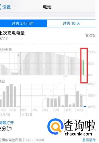 然后我们点击柱状图的最后一根柱线,所看到的就是我们手机当前电池电量的百分比了,如图所示:
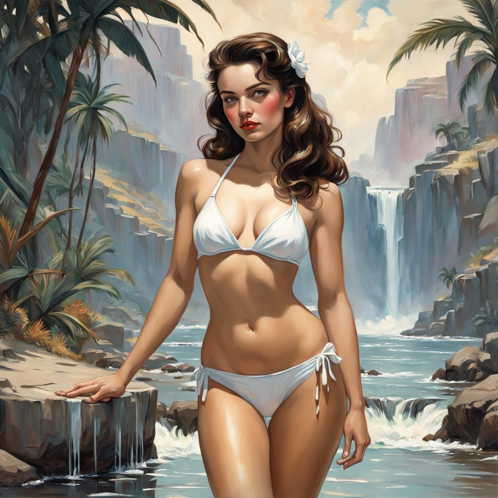 A striking picture of a 1950s-style pin-up girl in a white bikini. This full-body shot showcases idealized naturalism with soft focus and a harmonious color scheme, reminiscent of classic oil paintings.
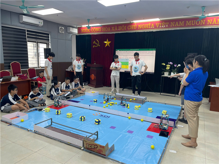 Một điểm nhấn sáng tạo của Ngày hội STEM năm nay là sự kiện "Ocean Robotics Challenge – Bảo vệ môi trường biển", lấy cảm hứng từ sân chơi quốc tế. Các đội thi được giao nhiệm vụ: lập trình và điều khiển robot thu gom rác thải biển, cứu hộ sinh vật biển mô phỏng trên sa bàn thi đấu thực tế. Robot của học sinh phải hoạt động tự động trong 30 giây đầu tiên, sau đó được điều khiển thủ công để hoàn thành nhiệm vụ – đòi hỏi kết hợp kỹ năng lập trình, sáng tạo kỹ thuật và chiến lược nhóm. Cuộc thi không chỉ giúp học sinh phát triển kỹ năng STEM (Khoa học, Công nghệ, Kỹ thuật, Toán học) mà còn nâng cao ý thức trách nhiệm với môi trường, thông qua các chủ đề thời sự như biến đổi khí hậu, ô nhiễm đại dương. Học sinh Trần Minh Quân lớp 7A1 chia sẻ: "Con cảm thấy rất ý nghĩa vì lần đầu tiên được tự thiết kế robot để giải quyết một vấn đề thực tế như bảo vệ biển cả. Con thấy mình thật sự góp phần vào việc bảo vệ môi trường.”
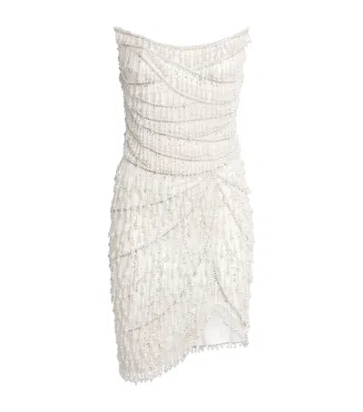 Beaded Strapless Mini Dress In White
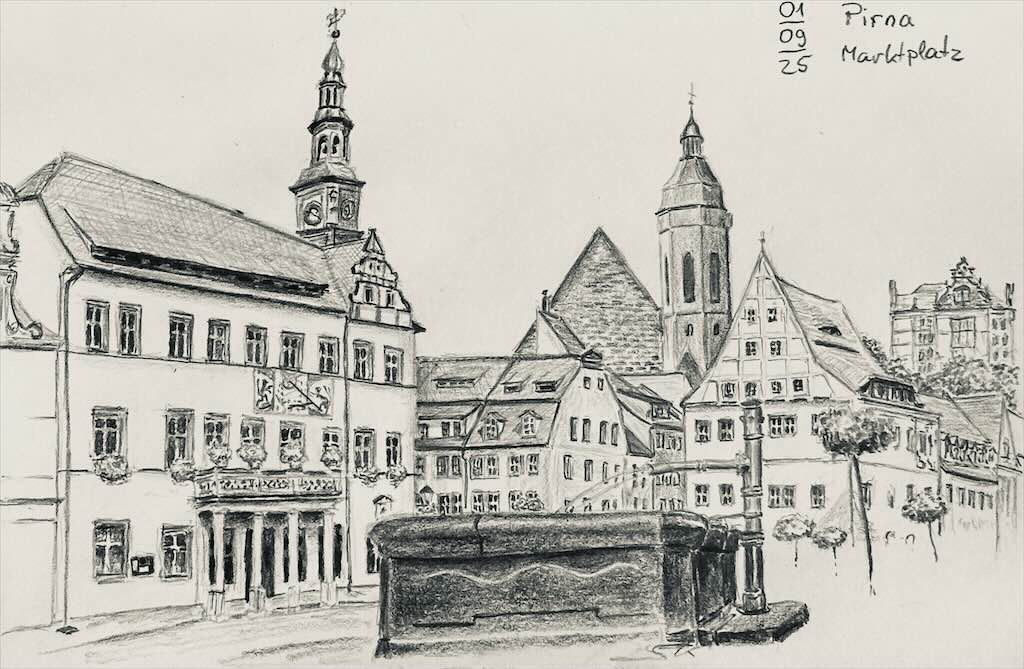 Für ein Treffen mit einem weiteren Meister seiner Zunft kam ich auch in Pirna zu spät. Bernardo Bellotto, besser bekannt unter dem Namen Canaletto, malte den Marktplatz bereits im Jahr 1768. Da im Café die obere Etage nicht geöffnet und auch sonst kein Platz mehr frei war, wählte ich eine etwas andere Perspektive. Aber alle Gebäude meiner Zeichnung sind auch in Canalettos Gemälde vorhanden.
-------------------------
### ASSIGNED TASK
Transcribe, word for word, only the material from its opening line through the line containing "A striking picture", both ends included, and omit the pictures.

### EXPECTED OUTPUT
 然后我们点击柱状图的最后一根柱线,所看到的就是我们手机当前电池电量的百分比了,如图所示:
 A striking picture of a 1950s-style pin-up girl in a white bikini. This full-body shot showcases idealized naturalism with soft focus and a harmonious color scheme, reminiscent of classic oil paintings.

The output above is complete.